Certification of neural nets
Watermarks, cryptographic verification and other certificates of authenticity for our computation
November 26, 2024 — November 26, 2024
Certifying NNs to be what they say they are. Various interesting challenges in this domain. I am not sure if this is well-specified category in itself. Possibly at some point I will separate the cryptographic verification from other certification ideas. Or maybe some other taxonomy? TBD
1 Ownership of models
Keyword: Proof-of-learning, …
(Garg et al. 2023; Goldwasser et al. 2022; Jia et al. 2021)
TBD
2 Proof of training
E.g.
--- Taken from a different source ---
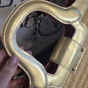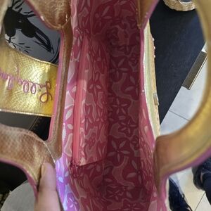 This bag is used; you can see all the signs of wear in the photos. The inside and bottom are like new. A few stones are missing from the starfish charm, but it's barely noticeable. It still has plenty of use left.

Abbaszadeh et al. (2024):
A zero-knowledge proof of training (zkPoT) enables a party to prove that they have correctly trained a committed model based on a committed dataset without revealing any additional information about the model or the dataset. An ideal zkPoT should offer provable security and privacy guarantees, succinct proof size and verifier runtime, and practical prover efficiency. In this work, we present , a zkPoT targeted for deep neural networks (DNNs) that achieves all these goals at once. Our construction enables a prover to iteratively train their model via (mini-batch) gradient descent, where the number of iterations need not be fixed in advance; at the end of each iteration, the prover generates a commitment to the trained model parameters attached with a succinct zkPoT, attesting to the correctness of the executed iterations. The proof size and verifier time are independent of the number of iterations.
3 Proof of robustness
Didn’t know this was a thing, but then I met Mahalakshmi Sabanayagam who graciously explained to me Gosch et al. (2024) and Sabanayagam et al. (2024).